In my work with clients and classes, some blog posts come up a LOT.

Forcing a Parallel Query Execution Plan by Paul White – Paul’s posts usually cover execution plan components in incredible detail, but the real gem in this one is the section called “Parallelism-Inhibiting Components.” If your T-SQL includes this stuff, the whole plan or a zone of it will go single-threaded.

Use Caution with SQL Server’s MERGE Statement by Aaron Bertrand – Whenever someone’s question starts with, “I’m using MERGE to…”, I immediately open this page and show them the list of known problems with MERGE. Their response is, “Oh my God, you mean these are really known bugs? What should I use instead of MERGE?” We have a discussion about rolling your own upsert. MERGE needs a 12-step recovery program.

Take Care When Scripting Batches by Michael J. Swart – When you need to affect a lot of rows – like a big delete or update – and you need to do it repeatedly over time, batching can help. If you really want the most performance, you need to run scientific experiments like Swart does in his post:

Logical reads per delete – read Swart’s post for what it means

Serverless Architectures by Mike Roberts – Also known as Function-as-a-Service (FaaS), serverless is a new way of application development and deployment. This post is a monster, but just read the first section, “What is Serverless?” and stop at the “Benefits” section. Knowing just that part will help you have better conversations with architects and developers.

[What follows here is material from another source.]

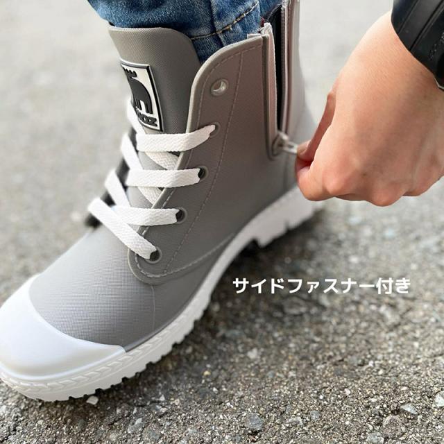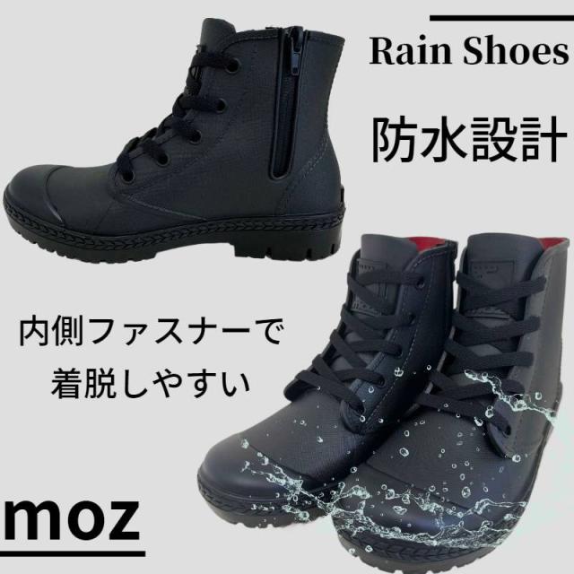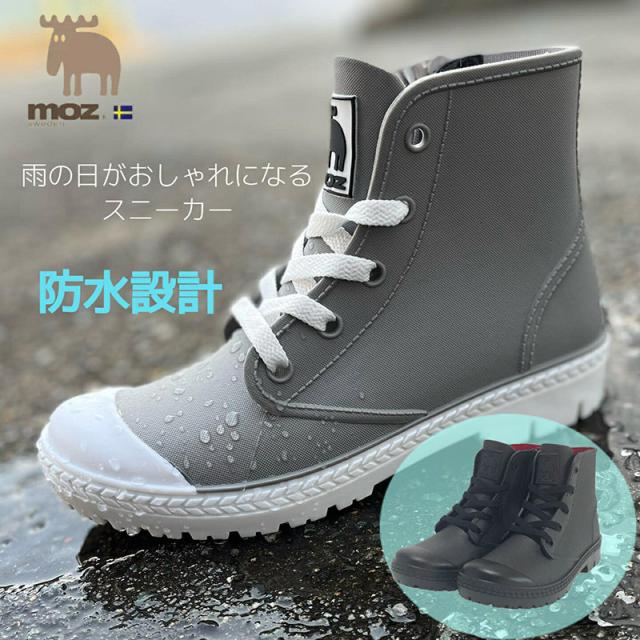 モズ レディース 靴 シューズ レインシューズ スニーカー ハイカット サイドファスナー 雨天 梅雨 防水 長靴 ブラック 黒 グレー 灰色 送料無料 moz MZ-8508

Juggling Writing AND a Job? Figure It the %$&* Out by Chad Gervich – This one’s professional development, not tech, but it comes up a lot. It’s for people with day jobs who want to become screenwriters, but the exact same advice holds true for aspiring bloggers. It doesn’t matter if you want to build something – we all wanna build stuff. You also have to have the spare time, or make it by making sacrifices in other parts of your life.

Slow in the Application, Fast in SSMS by Erland Sommarskog – Listeners of our Office Hours podcast probably feel like this one comes up every single week.

Maker’s Schedule, Manager’s Schedule – if you want an employee to finish hard tasks, block out their calendar so they don’t have to context switch.